Example 1 shows the cell viability of the low molecular weight cocoon polyphenol (柿 polyphenol (L)) of the present invention and the antioxidant power of the polymer cocoon polyphenol (柿 polyphenol (H)) before the low molecular weight treatment. It is a comparison. Specifically, 200 μL of a cell suspension (DMEM / F-12 culture solution) in which porcine kidney epithelial cells (LLC-PK ₁ ) are suspended at a concentration of 2 × 10 ⁴ cells / mL is seeded in a 96-well plate. For 24 hours. Thereafter, 5 mM glucose was added to the culture solution of porcine kidney epithelial cells (LLC-PK ₁ ), and further cultured for 24 hours. Subsequently, 5 mM glucose or 30 mM glucose and 5 μg / mL or 10 μg / mL high molecular or low molecular weight sputum polyphenol were added and cultured for 24 hours, and the cell viability was measured by the MTT method.

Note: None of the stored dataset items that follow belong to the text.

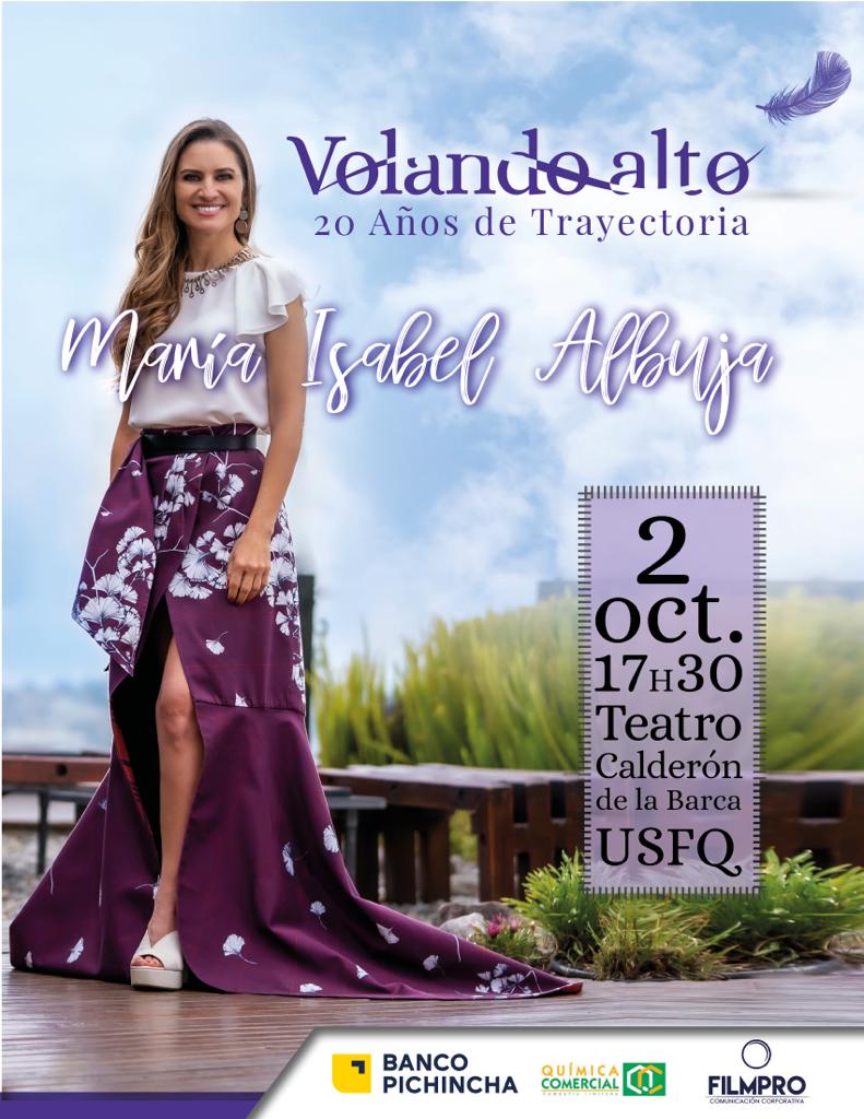 Volando alto es un recorrido por los 20 años de carrera de la cantante María Isabel Albuja, en los cuales ha profundizado en la interpretación de géneros musicales diversos y ha perfeccionado y fusionado estilos que le han permitido aportar a todo lo que canta una sonoridad única y muy personal.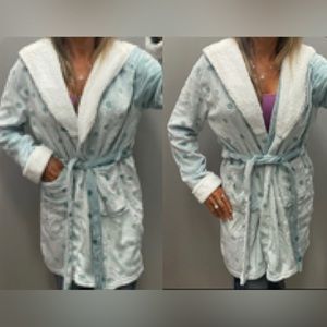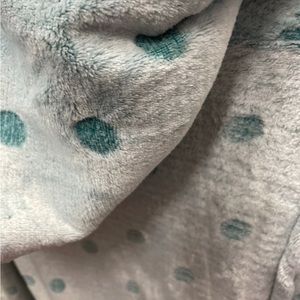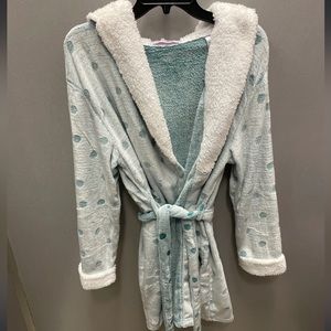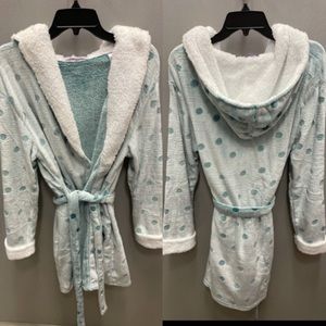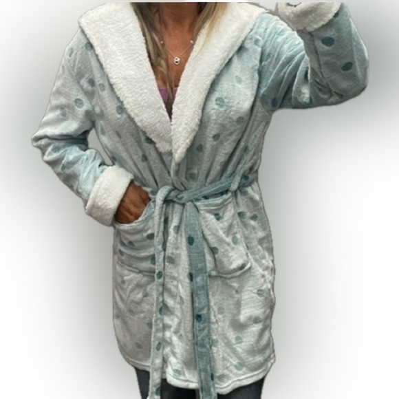 Cute fluffy hooded polkadot robe color teal, one size fits most. Drawstring waist has pockets. In excellent used condition no stains tears or damage smoke-free pet free home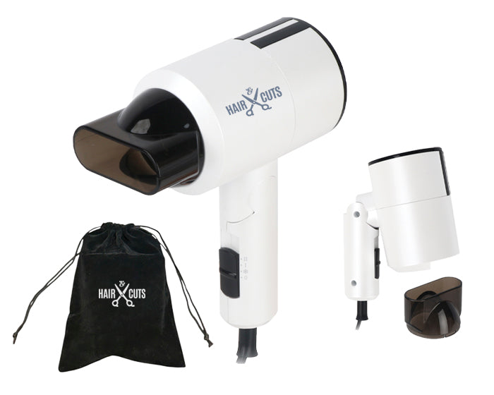 secadora plegable de cabello portátil con botón deslizable de encendido y apagado, se ajusta a 3 velocidades: 1 con aire frio y 2 potencias de aire caliente. incluye boquilla removible para alaciado del cabello.
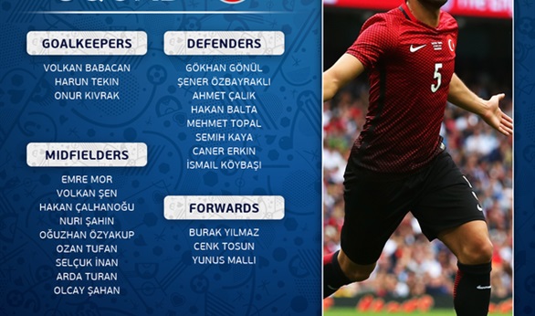 كشف الاتحاد التركي لكرة القدم عن قائمة الفريق التي ستخوض منافسات بطولة كأس الأمم الأوروبية المقرر انطلاقها في العاشر من الشهر القادم بفرنسا.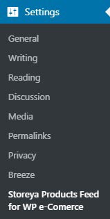The tab for the StoreYa Facebook Store plugin will occur after installation in Settings > WP-eCommerce StoreYa Product Feed.

  As a result, as shown in FIG. 1, high-concentration 30 mM glucose treatment showed cytotoxicity that cell viability was reduced by 17% compared to 5 mM glucose treatment group. Then, cell viability recovered respectively. Further, with 10 μg / mL of low molecular weight polyphenol (L), the cell viability recovered to a level close to that of the 5 mM glucose treatment group.

In Example 2, morphological examination of porcine kidney epithelial cells (LLC-PK ₁ ) was performed. Specifically, 6 cell suspensions of cells suspended at a concentration of 2 × 10 ⁴ cells / mL were used. 2 mL was inoculated on the plate, cultured in the same manner as in Example 1 below, and photographed under a microscope.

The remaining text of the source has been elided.